Last edited: Aug 1, 2008
18. Aug 2, 2008

### malawi_glenn

Dude who cares about what equation you end up with if you are not presenting the starting points and assumptions and all derivations etc. ?? You results is trival due to the definition of bohr radius and alpha...

And now lets take the Forum rules seriously now. These threads are NOT to present own results etc, but we have a special thread called 'independent research' - which of course have its own rules about what can be posted there etc, so I will refer you to that thread for these things.

Bohr radius is just a constant, a unit. Does not represent anything special. Only in the classical picture of atom orbitals, but not in QM - which is the paradigm of todays physics.

19. Aug 2, 2008

### Count Iblis

If you want to play with units, you should realize that dimensional quantities are just dimensional by convention, i.e. by our choice of our unit system. You can just as well work in natural units and then reinsert c, hbar and G in the equations but now regarded as dimensionless rescaling quantities. Results of nonrelativistic quantum mechanics are then obtained by considering the limit c to infinity.

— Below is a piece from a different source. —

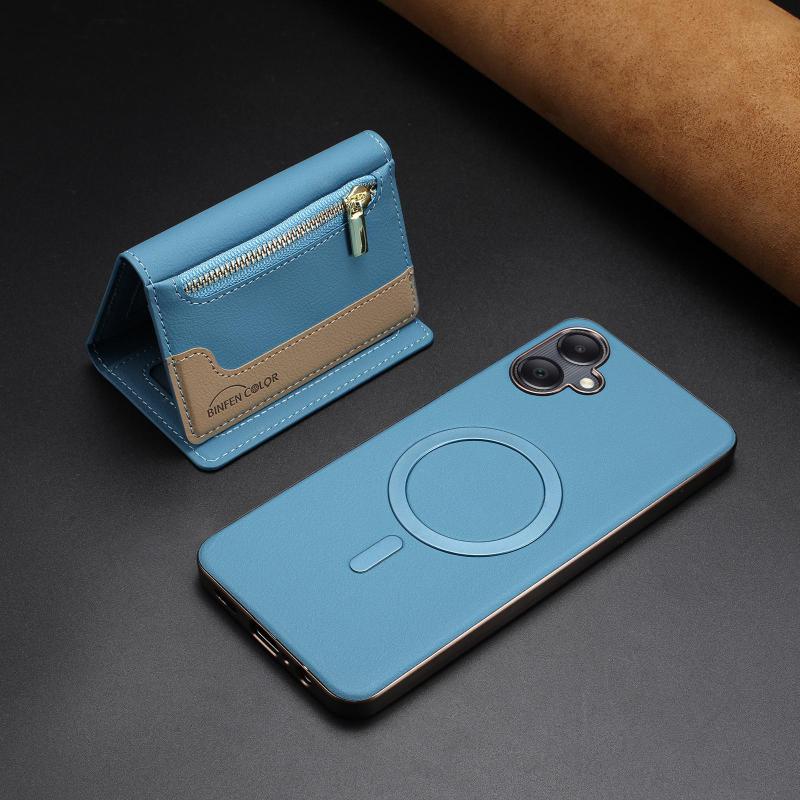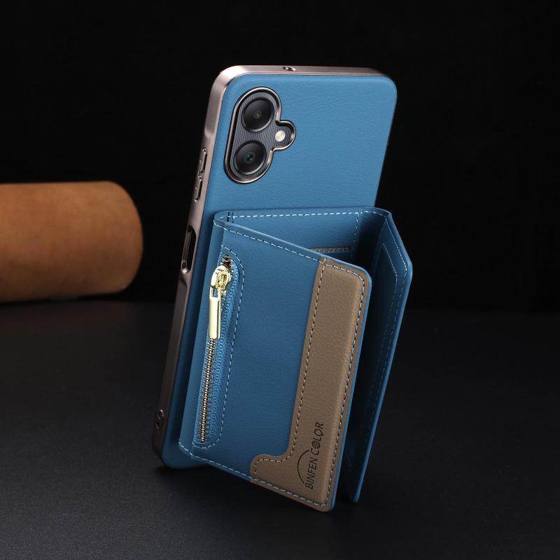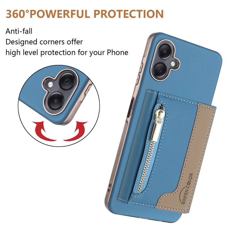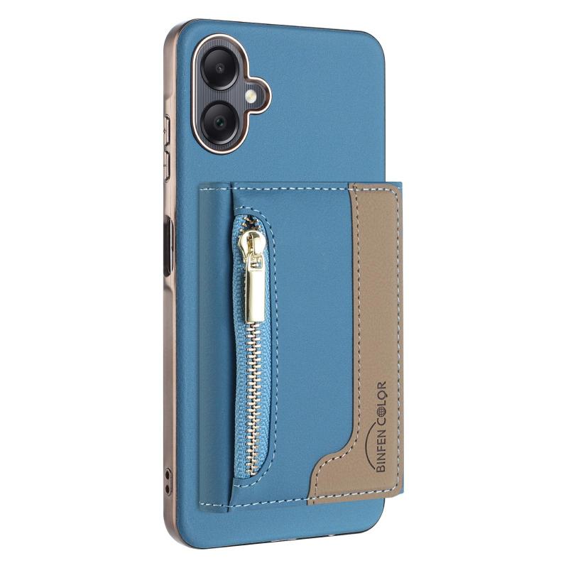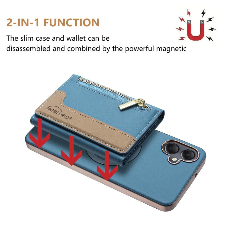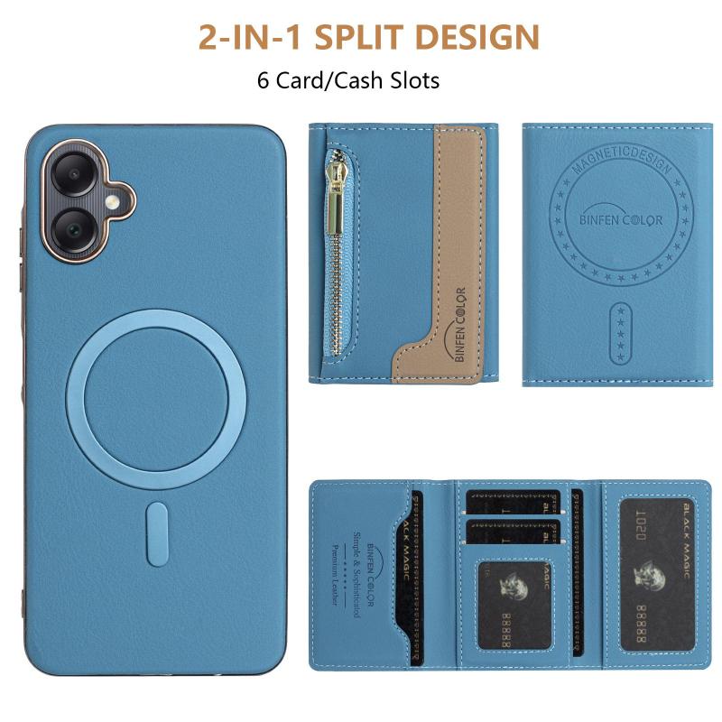 For Samsung Galaxy A06 Zipper Horizontal Magnetic Card Bag RFID MagSafe Phone Case(Baby Blue)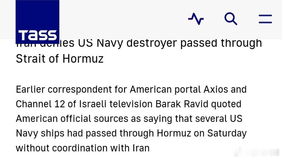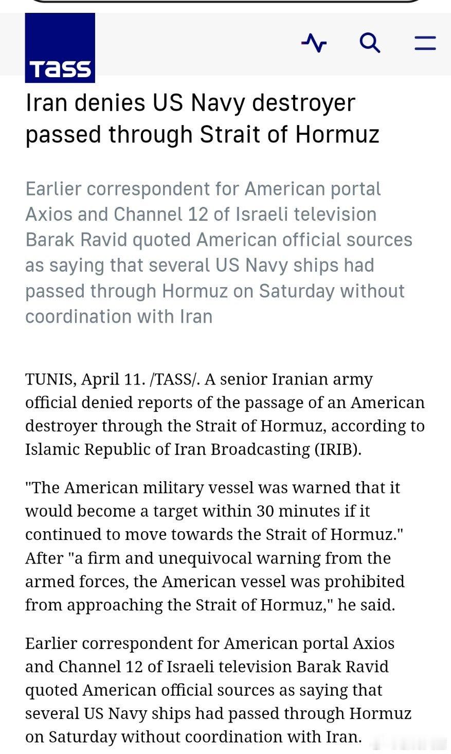 4 月 11 日。/塔斯社/。据伊朗伊斯兰共和国广播电台(IRIB)报道,一名伊朗高级军方官员否认了有关一艘美国驱逐舰通过霍尔木兹海峡的报道。

So, to derive the equation for the ground state energy of hydrogen this way, we can start with the equation:

E = m

Reinsert c:

E = m c^2

This diverges in the nonrelativistic limit c ---> infinity. To cancel the factor c^2 we multiply it by alpha^2, because alpha contains a factor 1/c:

E = alpha^2 m c^2

It turns out that the correct formula is 1/2 alpha^2 m c^2

You can object to this reasoning by noting that alpha being dimensionless should be independent of c. I.e. if you change your units so that the value of c changes, then the other parameters (in particlar the electron charge) will also change so that alpha will remain invariant.

But to get the proper classical limit when electrodynamics is involved you must pretend that you can choose the charge independent of c. So, formally alpha tends to zero, even though in reality it is fixed. This is reasonable since in the nonrelativisctic limit the energy of the electron relative to m c^2 should be zero, but we know that it is 1/2 alpha^2, which is a fixed dimensionless number. Now 1/2 alpha^2 is quite small, meaning that the electron is pretty much nonrelativistic.